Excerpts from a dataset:
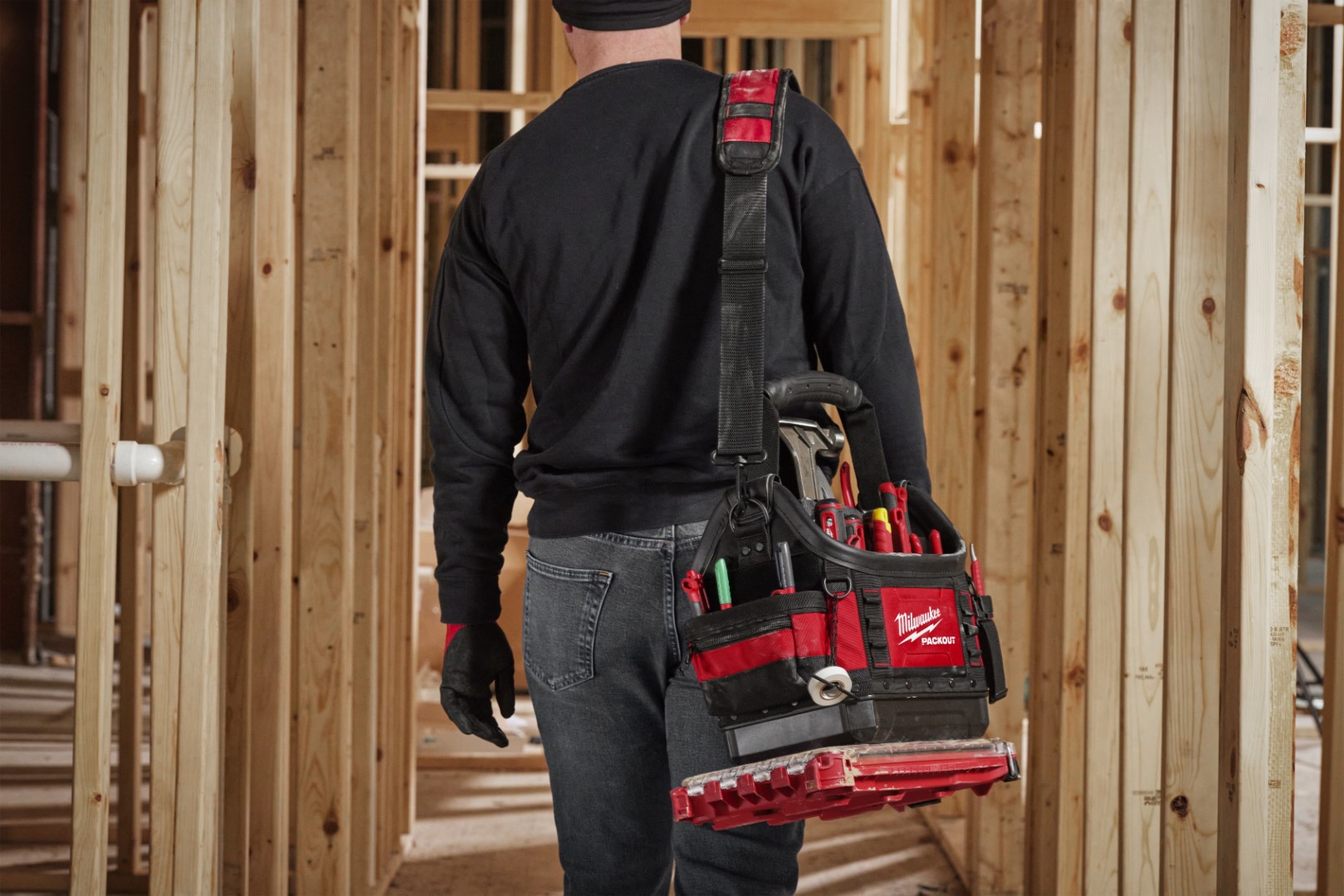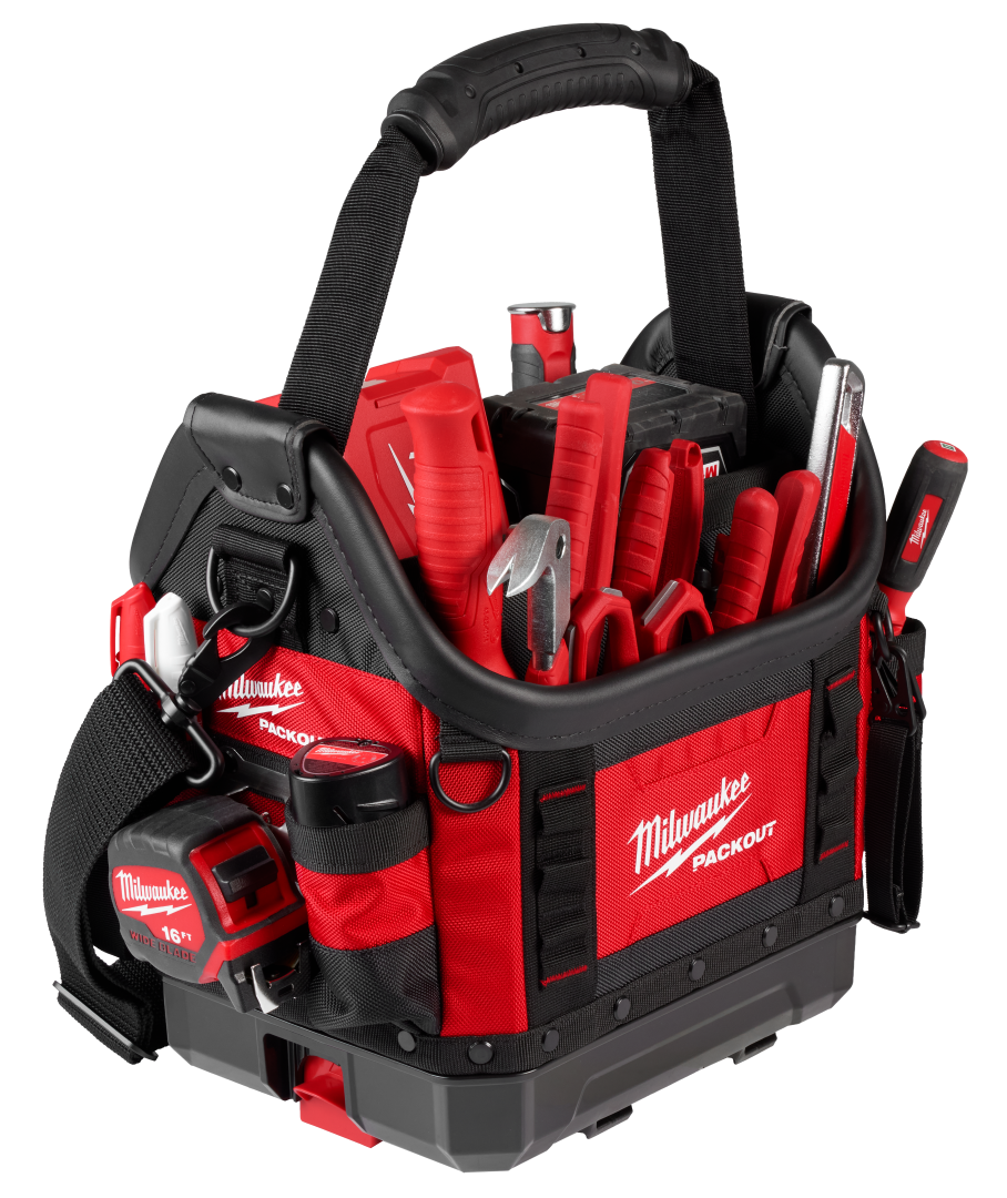 The impact-resistant molded base connects with other MILWAUKEE® PACKOUT™ system components via integrated locking cleats. Our 10" Structured Tote has all metal hardware, YKK zippers, and 35 pockets. The padded shoulder strap quickly and conveniently stores on the handle for maximum organization. Our PACKOUT™ Modular Storage System allows you to customize and build your own tool storage system to easily transport and organise your tools and accessories.
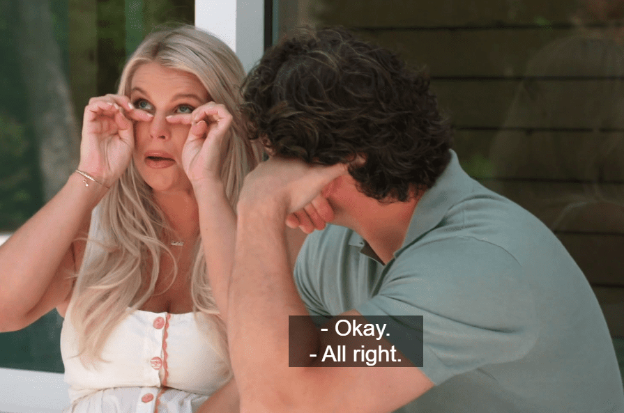 Madison and her poor sap also purchased a new home. She said a lot of nothing, then pretends to cry when Brett mentions her late father. I didn’t see a tear. Neither does Brett but he’s too nice to say so.
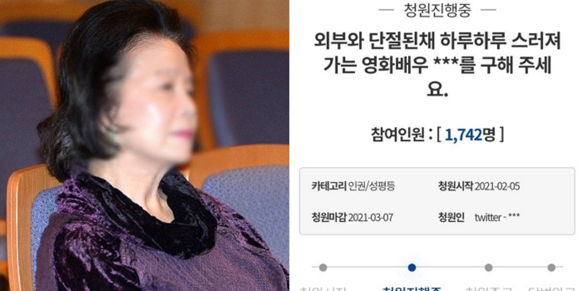 지난 5일 청와대 국민청원 게시판에 '외부와 단절된 채 하루하루 스러져가는 영화배우 윤**를 구해 주세요'라는 글이 올라왔다.
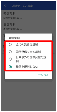 発信規制/着信規制が設定されます。
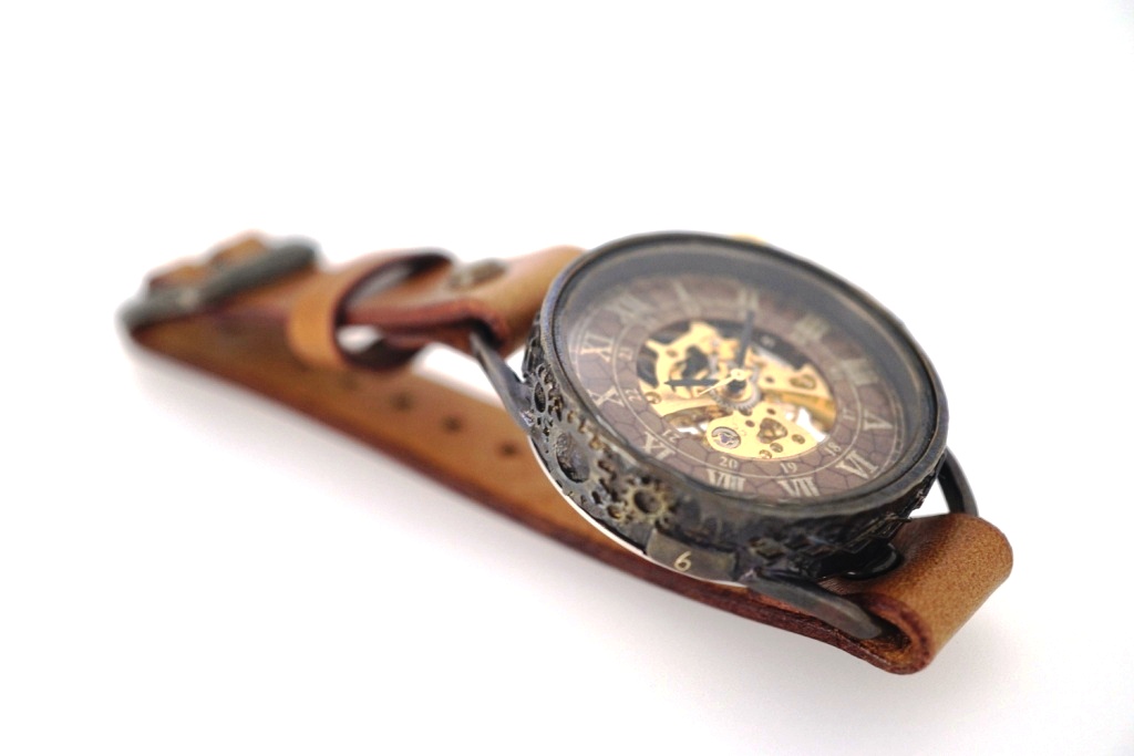 光のあたる角度によって、文字盤の反射角が変わる時計。
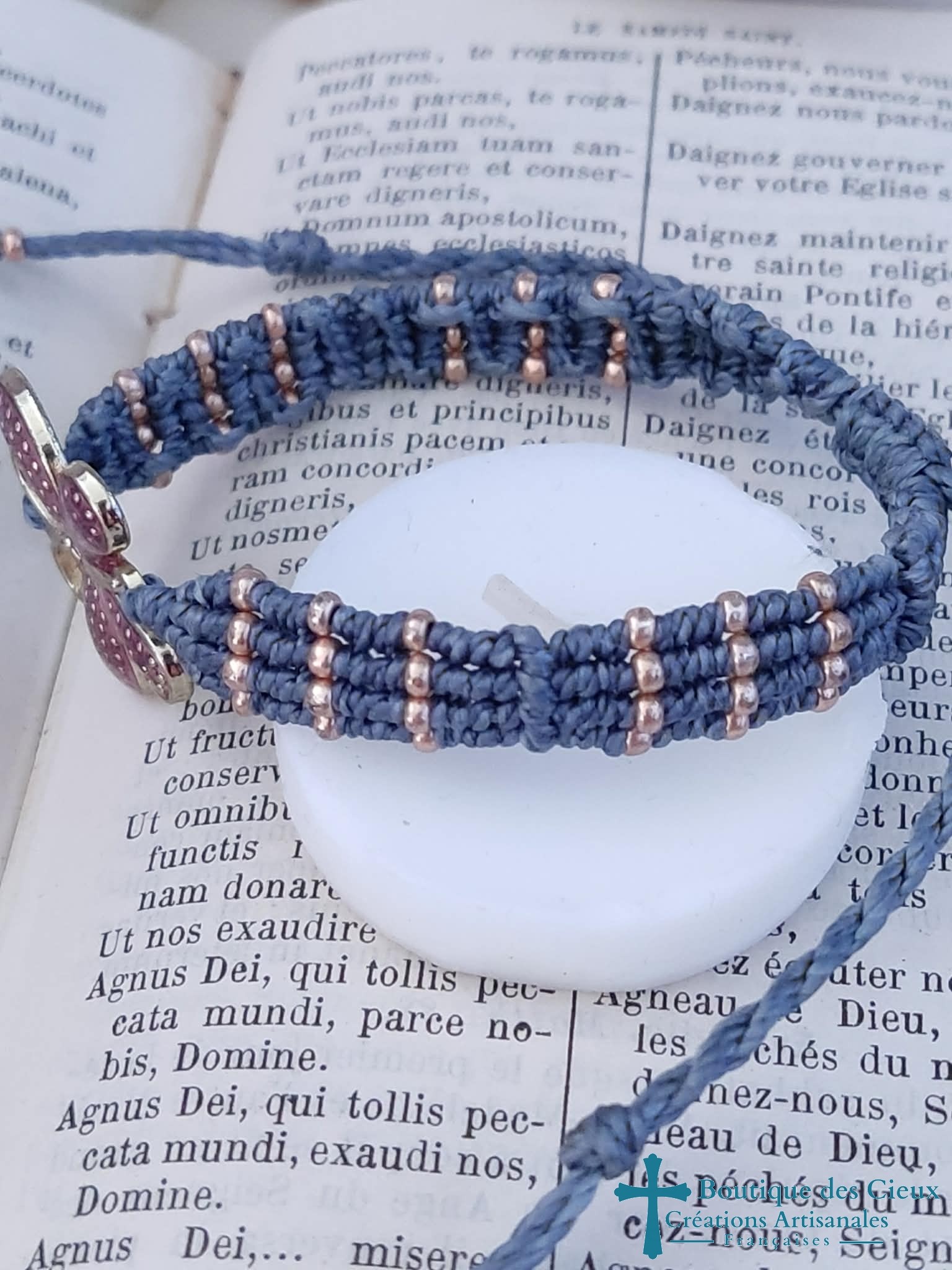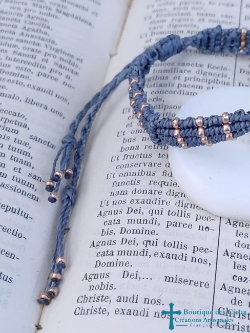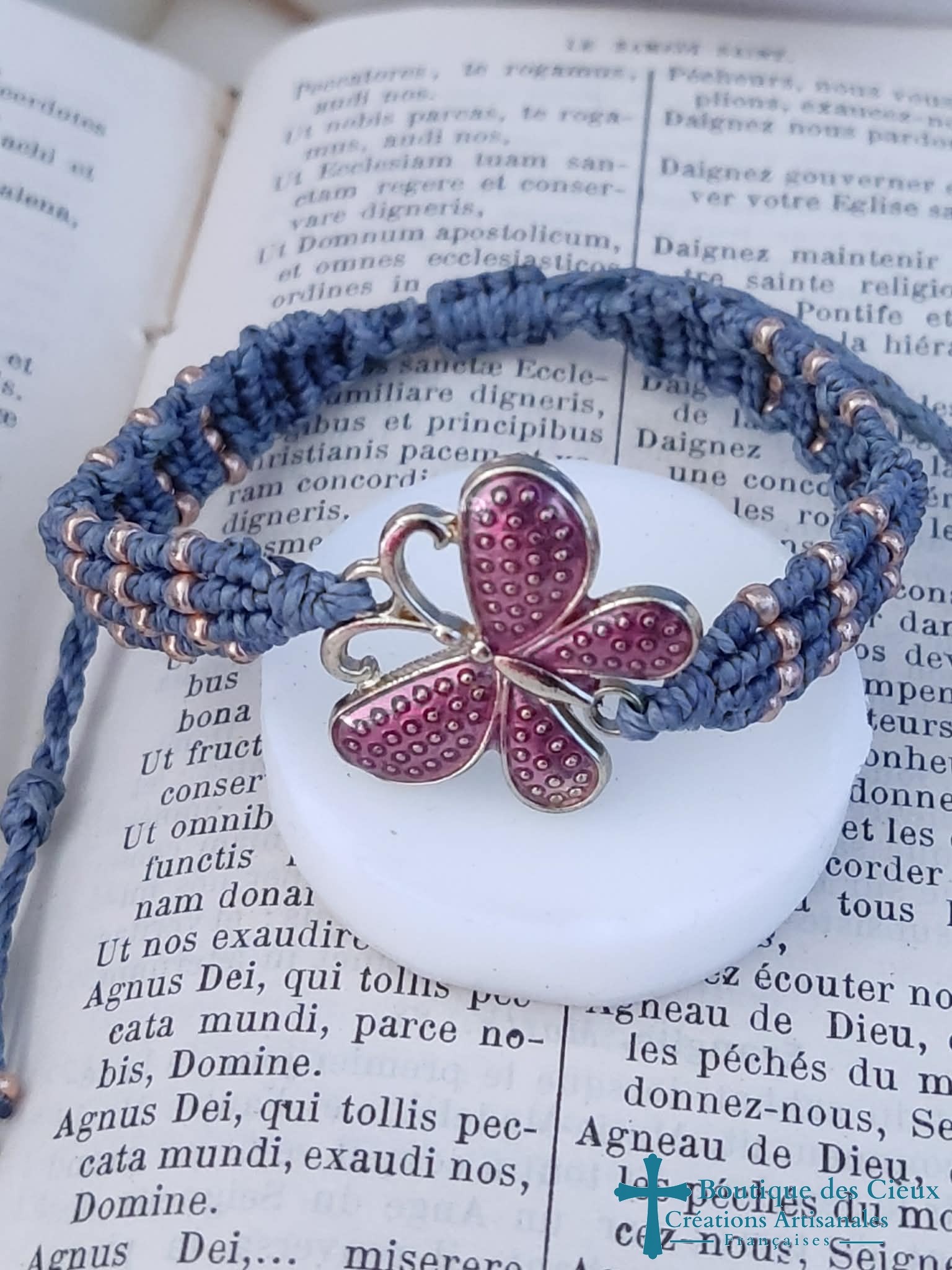 Bracelet symbolisant la transformation avec ce très beau connecteur papillon violet et tissage bleu et perles de rocailles dorées Ce bijou sera béni par un prêtre. |
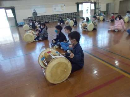 子どもたちは座り方がお父さん座りだったり、たたくバチが左右で違ったり初めてのことでだらけで驚いていましたが、丁寧に教えていただいたおかげで、最後にはリズムにのって、速いスピードでたたくことができました。
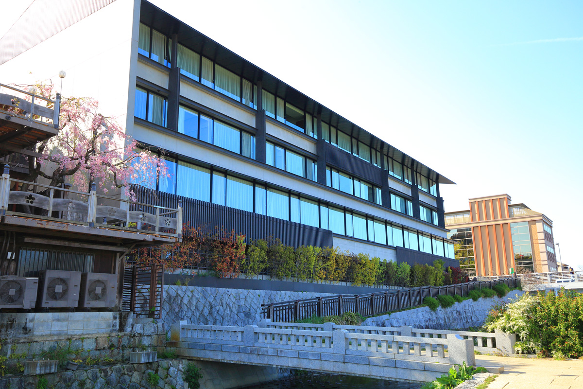 京都プレミアは御池大橋のたもとに位置するシックなホテル。すぐそばには鴨川の河川敷、エントランスのある木屋町通沿いには風情ある高瀬川が流れています。そんなザ・京都な雰囲気に溶け込むような落ち着いた佇まいが素敵です。
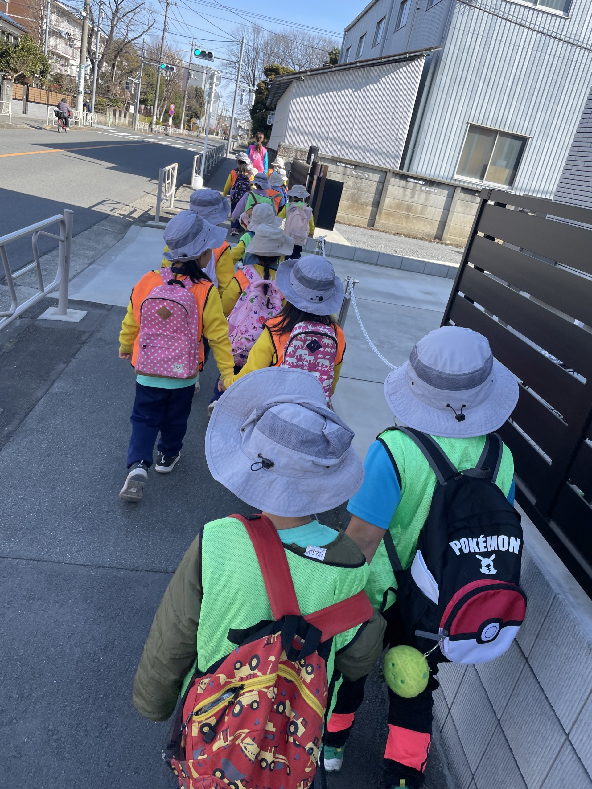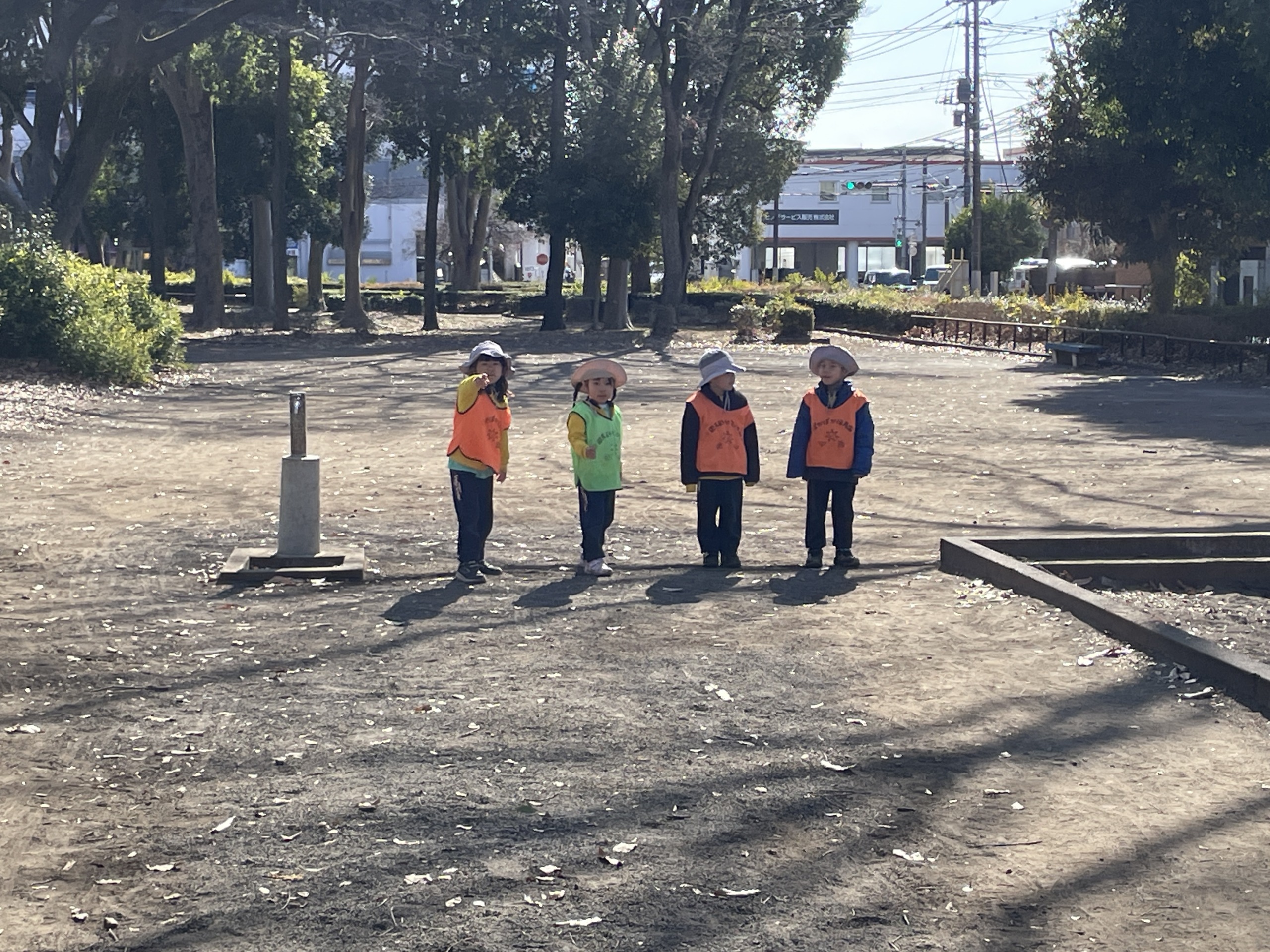 一方、4歳児・5歳児はドリームのお友達と一緒に公園へ出かけました。普段はあまり一緒に遊ぶことのないメンバーということもあり、「今日は一緒に行くんだよ」と伝えると、「楽しみ!」「なにして遊ぼうかな」と期待の声がたくさん聞こえてきました。歩いて公園まで向かう道中も、交通ルールを意識しながらしっかり歩く姿が見られ、日々の積み重ねを感じました。
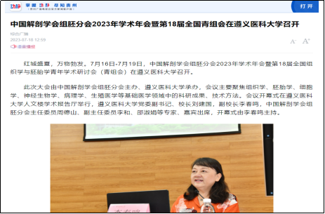 2023年7月16日-7月19日,中国解剖学会组胚分会2023年学术年会暨第18届全国组织学与胚胎学青年学术研讨会(青组会)在tyc5997太阳集团隆重召开。此次大会由中国解剖学会组胚分会主办、tyc5997太阳集团承办。
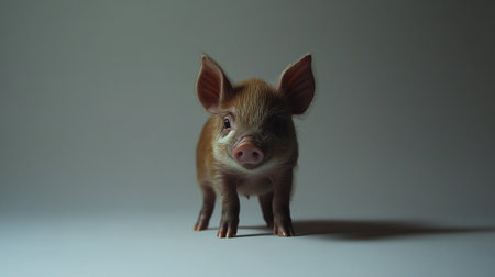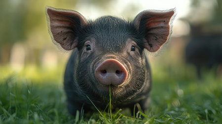 A charming piglet explores a sunlit farm field, showcasing its innocence and curiosity amidst the warm glow of golden hour, creating a peaceful rural scene.

--- Work item ---
In the entries above, which lines run from the one with "発信規制/着信規制が設定されます。" up to and including the one with "Bracelet symbolisant la"? Write them out exactly, without the pictures.

--- Written solution ---
 発信規制/着信規制が設定されます。
 光のあたる角度によって、文字盤の反射角が変わる時計。
 Bracelet symbolisant la transformation avec ce très beau connecteur papillon violet et tissage bleu et perles de rocailles dorées Ce bijou sera béni par un prêtre. |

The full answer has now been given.